We finally got to sail again! This has been an unusual 'cruise' in that we've spent several days in the one spot. We did have a dinner cruise on Anzac Day when we were supposed to sail past Anzac Cove but due to security and port bureaucracy we left too late and it was too dark to see! We were supposed to have collected our Gallipoli 12 for the dinner crusie (the ones who attended the ceremony), but it actually took them about 12 hours to get back to the boat, a trip that usually takes about 1.5 hours. I think that the organisation for their day went pretty well until it was time to return.
The next day we visited the ancient city of Troy. It was interesting but there isn't a lot there any more other than piles of rubble. There is still excavation occurring but not in the part open to tourists. We did hear a lot of history from our Guide, Gokhan, so much so that our heads were fairly spinning by the end of the week we spent with him on 'the green bus'. The archeological museum there was simple but well done and it is always hard to absorb how old so many of these artefacts are. Then it was back for a port side lunch of meze and fresh fish-simple but tasty which is not a bad effort considering they feed all of us at once. We then went on to the Naval Museum and that was set in an old fort with well maintained lawns and many cannons etc. It was all very well done but didn't hold a lot of interest for us. But all in all an interesting day.
By this stage our interest was starting to wane, mainly in terms of hearing a constant stream of historical facts of a history most of us had not learned a lot about and so it was hard to take it in.
A need and a time for rest and recreation was approaching
One more day though. Before Anzac Girls on tv most of us may not have known about Lemnos but now we do. This is the Greek Island several hours sailing time from Gallipoli where the hospitals were and where many of those who died in hospital are buried. I guess this was a safe distance from the fighting and as close as they were able to place themselves. At first they were unable to install hospitals on the island due to lack of water and other infrastructure so all the hospitals remained on ships. Later tented hospitals were set up on the island but never actual hospital buildings. This is as close to the conflict as the nurses got. There is now very little to show for it all other than the cemeteries. many British are buried there as well as Gurkhas, Egyptians and quite a few Australians and NZs. In some ways I found this a sadder place than Gallipoli. It is rather a lovely, quite hilly and very windy island of about 6 thousand people and we had the best part of the day there with a tour around to the cemeteries and some time to have lunch and a bit of a wander past the shops and the port back to the ship. It is nowadays a peaceful place to live and quite attractive. When Barb (one of our 8 co travellers from our Rotary club) was momentarily locked in the toilet, she had a short daydream about being left behind and seeing out her days there!
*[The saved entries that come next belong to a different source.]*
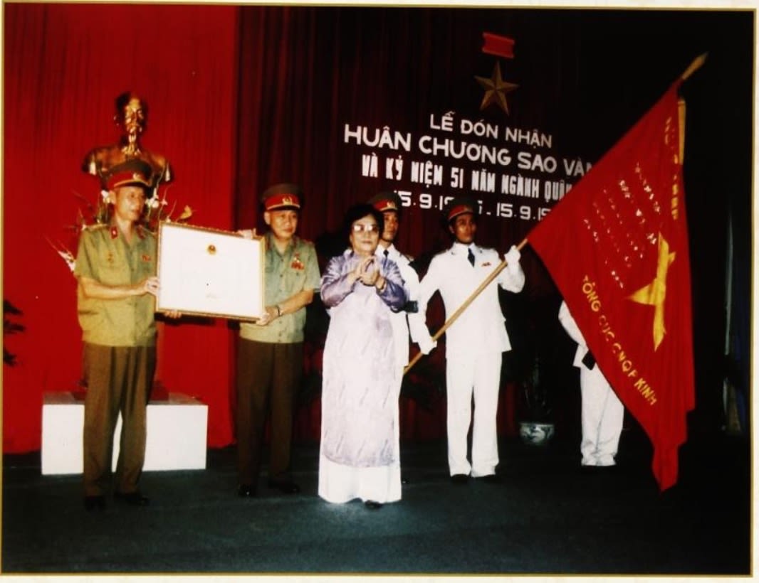 Phó Chủ tịch nước Nguyễn Thị Bình trao Huân chương Sao Vàng cho ngành quân giới năm 1996. (Nguồn: 60 năm Công nghiệp quốc phòng Việt Nam, Nhà xuất bản Quân đội nhân dân)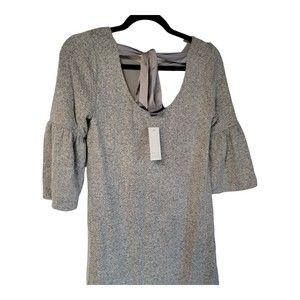 white house black market Bow Back Gray cozy midi Sweater dress XXS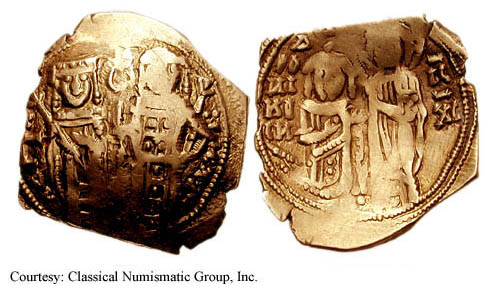 Реверс: О”HMHTPI GOA ANО”PONI - св. Димитрий слева, стоит прямо, держит крест, и Андроник III справа, стоит прямо, рука на груди. (Константинополь). $950 1/16/02.
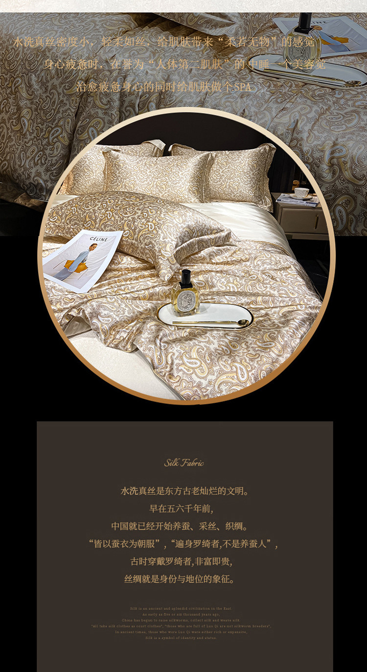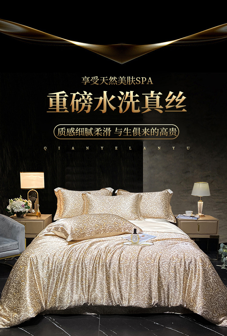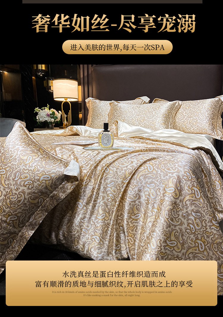 商品名称:黄鹂鸟 2025新款高端轻奢丝滑裸睡丝绸数码印花水洗真丝天丝四件套系列 -风格二 腰果米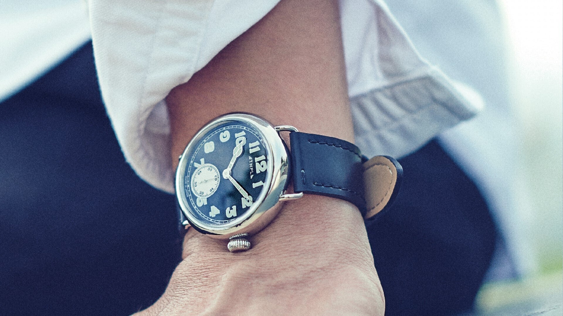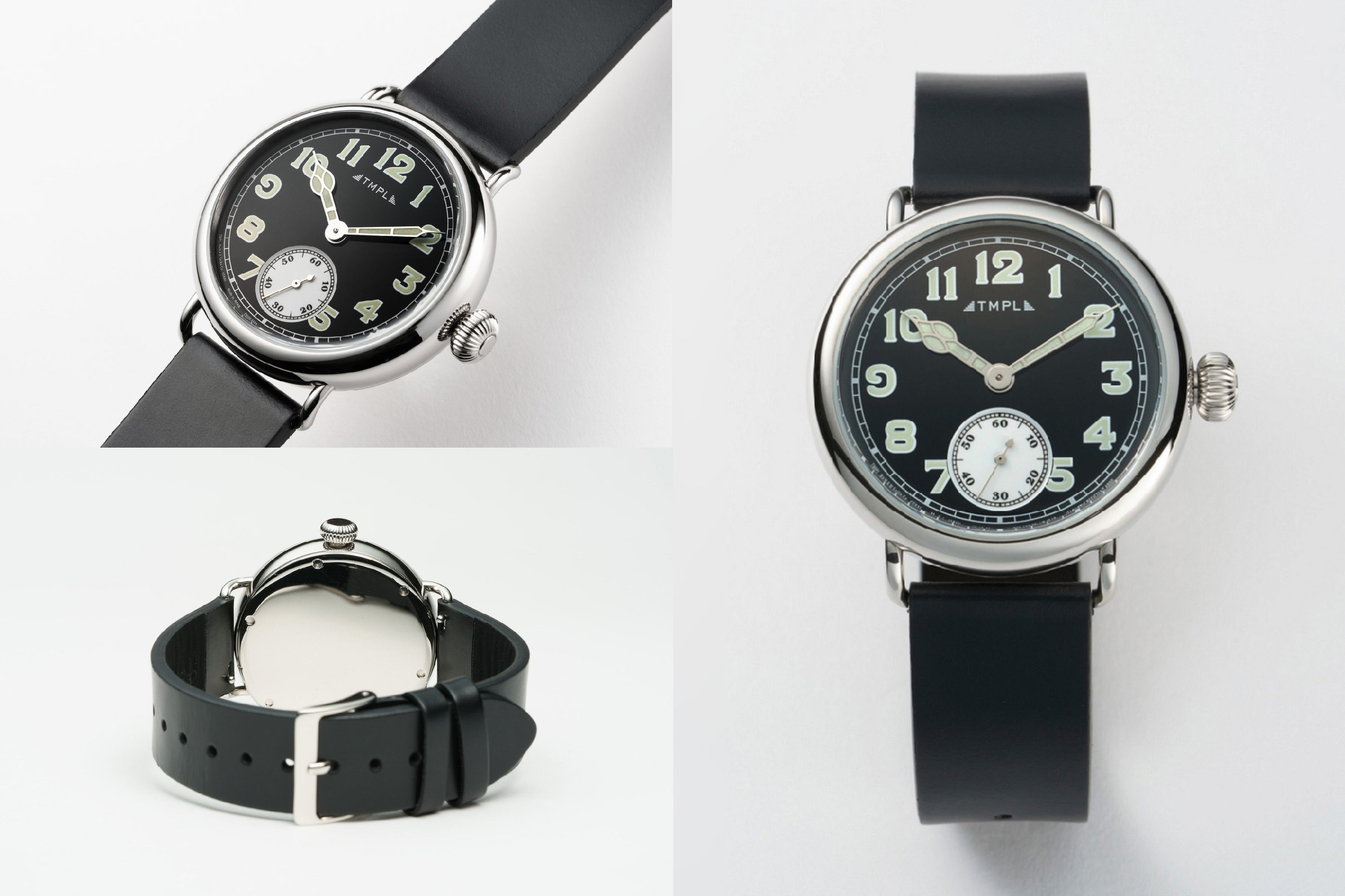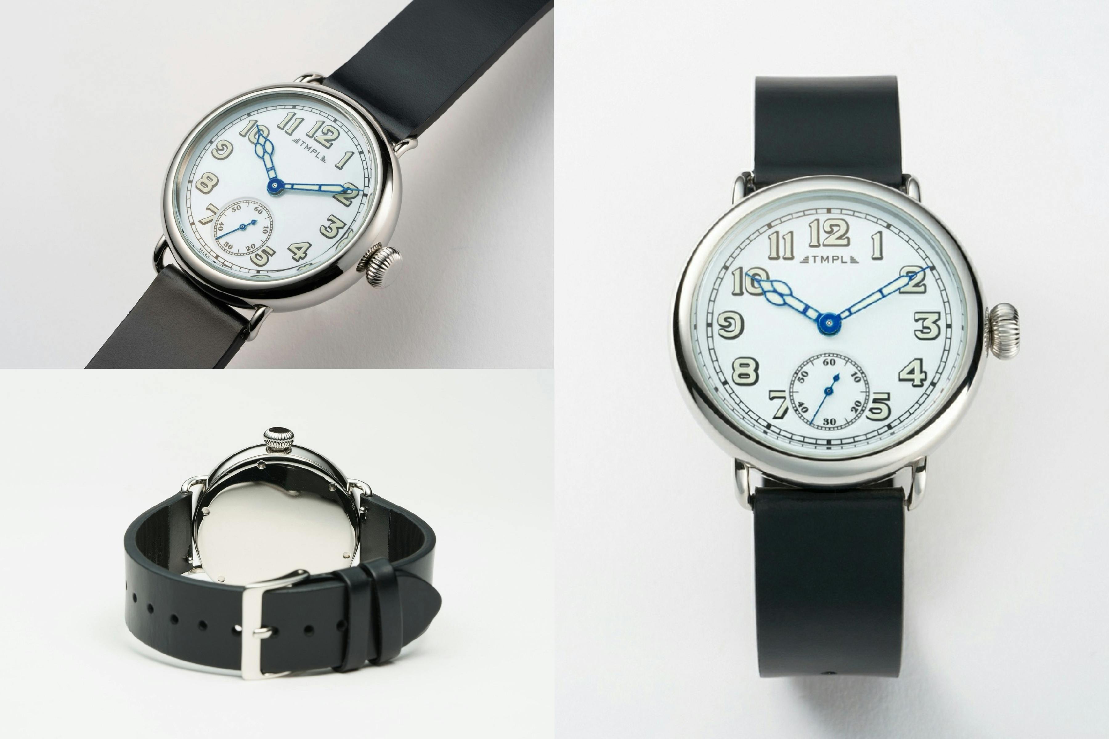 TMPLのファーストモデルでは、腕時計の黎明期となる1910年代のウォッチデザインを復刻。100年前の腕時計に見られる肉厚なフォルムや文字盤、象徴的な針の形をモンタージュし、現代的なサイズバランスの中に落とし込んでいます。

We sailed from Lemnos at 3.30pm and a suggestion came from the captain to take a sea sickness pill. Mark and I took 1/2 each. We did well and he continued to do so for a while but after an entree I bailed out of dinner (pity, it was the 'captain's dinner' with a full on French menu) and went to lie down. As long as I kept my head down I was ok but it was pretty rough for most of the night. Anyway I slept well and woke refreshed to watch us arrive into Piraeus. I love watching all the activity at the dock as these bigger boats dock. It's so exciting to be arriving in a new place.
Suitcases had to be at the ready outside our doors at 7.30am so it was an early rise. We had our last breakfast out on Deck 5 under the canvas where we'd eaten all week and were disembarked by 9am. Buses took us to our hotels. We travelled with APT and couldn't say a negative word about them. These transfers were fantastic and were not originally part of the deal so a nice surprise for those of us not travelling on with APT.